Automatically retries with exponential backoff on rate limit errors. Use this in any production agent:
from dreadnode.agent.hooks import backoff_on_ratelimit

agent = dn.Agent(
    ...,
    hooks=[backoff_on_ratelimit()],  # Handles RateLimitError, APIError
)
For specific exceptions, use backoff_on_error:
from dreadnode.agent.hooks import backoff_on_error

hook = backoff_on_error(
    (ConnectionError, TimeoutError),
    max_tries=5,
    max_time=120.0,
)

summarize_when_long

Manages context windows by summarizing conversation history when it grows too large:
from dreadnode.agent.hooks import summarize_when_long

agent = dn.Agent(
    ...,
    hooks=[
        summarize_when_long(
            max_tokens=100_000,       # Summarize proactively above this
            min_messages_to_keep=5,   # Always keep recent context
        )
    ],
)
This hook works in two modes:
  • Proactive: Summarizes before each step if tokens exceed threshold
  • Reactive: If a context length error occurs, summarizes and retries

tool_metrics

Logs tool usage metrics to the platform:
from dreadnode.agent.hooks import tool_metrics

agent = dn.Agent(
    ...,
    hooks=[tool_metrics(detailed=True)],
)
Logs: tool/total_count, tool/total_time, tool/success_rate, and per-tool metrics when detailed=True.

Event History

Each event provides the full run history via event.events.
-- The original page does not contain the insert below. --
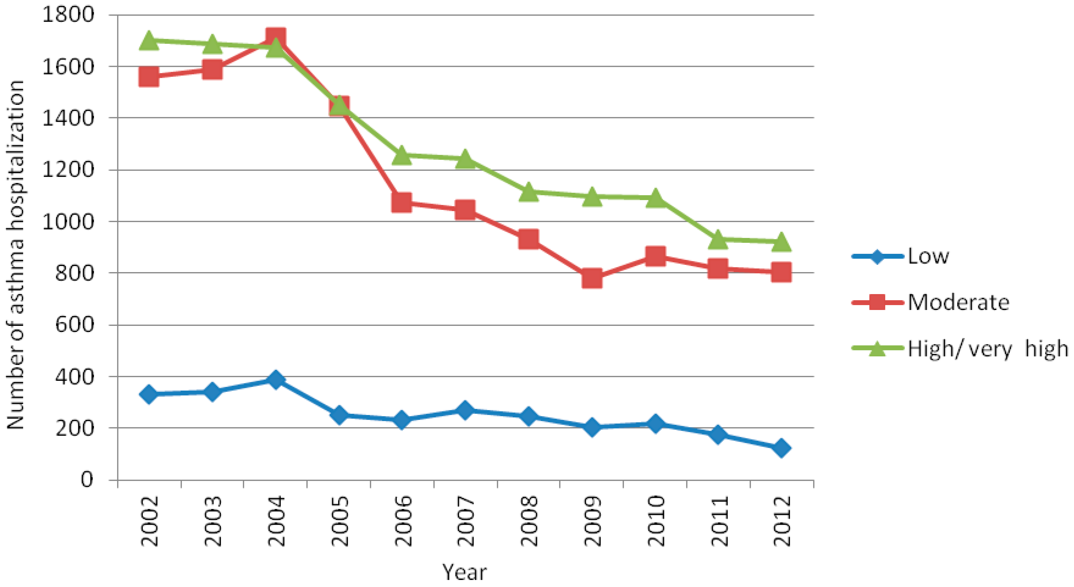 The hospitalization rates for asthma in children and adolescents for the low, medium and high/very high risk areas were, respectively, 3.4, 12.5 and 19.6 per 1000 people, in 2002. In 2012, they were 1.7, 9.0 and 15.3, respectively.

Use this for context-aware logic:
async def detect_loops(event: ToolStart) -> Fail | None:
    # Count identical calls
    previous = event.get_events_by_type(ToolStart)
    identical = [
        e for e in previous
        if e.tool_call.name == event.tool_call.name
        and e.tool_call.function.arguments == event.tool_call.function.arguments
    ]

    if len(identical) > 2:
        return Fail(f"Stuck in loop calling {event.tool_call.name}")
    return None
Helper methods:
  • event.get_events_by_type(EventType) - All events of a type
  • event.get_latest_event_by_type(EventType) - Most recent event of a type

Custom Hooks

Hooks are async functions that receive an event and optionally return a reaction:
from dreadnode.agent.events import AgentEvent, GenerationEnd
from dreadnode.agent.reactions import Finish

async def stop_on_success(event: AgentEvent) -> Finish | None:
    if isinstance(event, GenerationEnd):
        if "task completed" in event.message.content.lower():
            return Finish(reason="Task completed")
    return None
For stateful hooks, use a closure:
def max_tool_calls(limit: int):
    """Stop after a maximum number of tool calls."""
    count = 0

    async def hook(event: AgentEvent) -> Finish | None:
        nonlocal count
        if isinstance(event, ToolEnd):
            count += 1
            if count >= limit:
                return Finish(f"Reached {limit} tool calls")
        return None

    return hook

# Use the custom hook
agent = dn.Agent(
    name="limited",
    model="gpt-4o-mini",
    tools=[dn.agent.tools.fs.Filesystem(path=".", variant="read")],
    hooks=[max_tool_calls(50)],
)
See the SDK reference for complete hook and event documentation.